Exercise - Find how many lines in the data below include the word "with", then write only that number.

Supplied data -
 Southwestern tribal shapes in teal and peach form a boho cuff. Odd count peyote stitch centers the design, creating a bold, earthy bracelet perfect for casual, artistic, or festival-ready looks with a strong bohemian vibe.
--
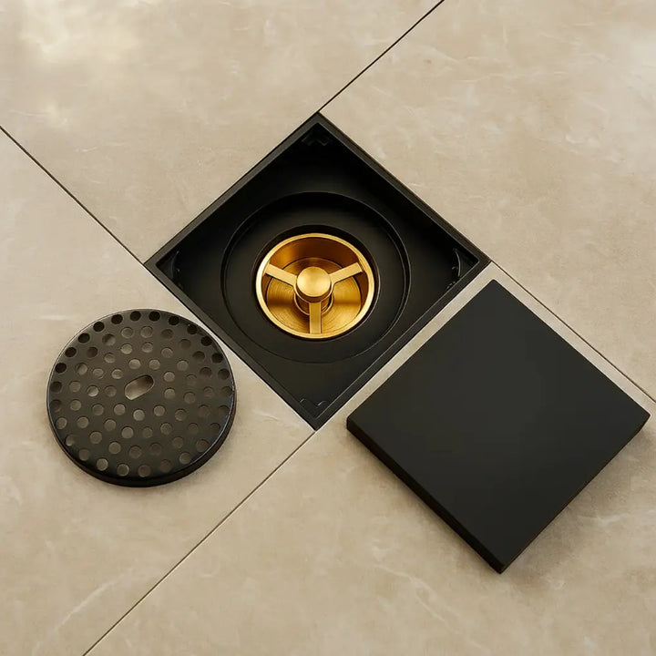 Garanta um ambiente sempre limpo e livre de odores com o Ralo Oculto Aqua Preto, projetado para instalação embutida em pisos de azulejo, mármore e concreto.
...
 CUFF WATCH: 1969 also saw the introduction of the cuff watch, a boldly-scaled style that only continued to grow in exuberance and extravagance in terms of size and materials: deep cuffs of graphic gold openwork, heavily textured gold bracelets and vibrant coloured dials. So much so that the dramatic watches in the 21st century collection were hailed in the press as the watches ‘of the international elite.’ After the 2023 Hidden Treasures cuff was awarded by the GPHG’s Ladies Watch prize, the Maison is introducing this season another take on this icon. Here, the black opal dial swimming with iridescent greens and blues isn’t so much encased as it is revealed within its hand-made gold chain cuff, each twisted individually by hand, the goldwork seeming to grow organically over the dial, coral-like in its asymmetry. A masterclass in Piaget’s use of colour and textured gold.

Written response - 2